# Resawing mesquite



## Mako Mike (Jun 8, 2006)

Resawing mesquite

Galvbay gave me a chunk of mesquite this weekend. I was resawing it on my 18" Rikon, and was amazed at how easy it was. This was my first time putting some hard mesquite through it.

...
The bandsaw/carbide blade could care less.
...

Granted, it wasn't full height, but I'm going to run a mesquite burl through it that is, then put that on you tube as well.


----------



## bill (May 21, 2004)

seemed to have zero problems, very smooth clean cut


----------



## 3192 (Dec 30, 2004)

MM...that wood had some good looking grain in it! Thanks for making the trip over to The 'Point and doing some horsetrading. I still think I came out ahead 8*)
I oiled up those planer knives and cutterhead and put them up for now. It was nice meeting/visiting you! Let us know how that other mesquite saws up if you can. gb


----------



## Tortuga (May 21, 2004)

Really nice looking work, Mike.. Oughta make a fine flag case...

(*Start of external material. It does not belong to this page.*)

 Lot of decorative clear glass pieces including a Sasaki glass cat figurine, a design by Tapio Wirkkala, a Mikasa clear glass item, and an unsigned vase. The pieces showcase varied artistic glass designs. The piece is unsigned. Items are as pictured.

Envy you that saw...mine wanders all over the place...LOL


----------



## Mako Mike (Jun 8, 2006)

Tortuga said:


> Really nice looking work, Mike.. Oughta make a fine flag case...
> 
> Envy you that saw...mine wanders all over the place...LOL


A 1" blade and a lot of tension pretty much takes care of the wandering.


----------



## Tortuga (May 21, 2004)

I noticed that 1" blade.. That will be my next purchase as soon as I skrew up the 1/2" one I have on it now...(if that will fit on my little bandsaw...but I am pretty sure it will)... Thanks for the advice...


----------



## Viking48 (Jan 24, 2006)

I'm disappointed - thought sure you would throw that big chunk of cedar on the saw and whack it into little pieces.


----------



## Mako Mike (Jun 8, 2006)

Hehe, soon Tom...soon.

Till then: Enjoy 

Jim, This is from the hollow log you gave me. I think I am edging ahead on the "Who got the better deal"!

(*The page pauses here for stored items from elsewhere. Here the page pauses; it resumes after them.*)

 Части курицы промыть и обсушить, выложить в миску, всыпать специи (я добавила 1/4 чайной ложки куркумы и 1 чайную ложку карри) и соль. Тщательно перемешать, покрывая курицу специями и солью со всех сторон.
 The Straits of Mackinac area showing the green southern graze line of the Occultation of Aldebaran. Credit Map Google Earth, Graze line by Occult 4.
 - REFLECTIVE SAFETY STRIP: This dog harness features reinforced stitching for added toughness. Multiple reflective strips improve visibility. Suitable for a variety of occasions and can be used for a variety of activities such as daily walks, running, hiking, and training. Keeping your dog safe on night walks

The video is long, with a compilation of several video's, a time lapse setup, the cut, afternotes, & pictures (I was playing with the Youtube video editor... I'm diggin my camera's time lapse setting. The only thing that sucks is if you want to point something out, you have to stand there for about 15 seconds so you can get a decent shot of what the heck is going on.)

Anyway. The interesting stuff is just about minute 10.

MM


----------



## 3192 (Dec 30, 2004)

MM....that bandsaw is *IMPRESSIVE*! Looks like you have it tuned and tweaked to perfection. That wood is beautiful....those little 'flecks' are going to jump out with the right finish. Thanks for sharing. gb


----------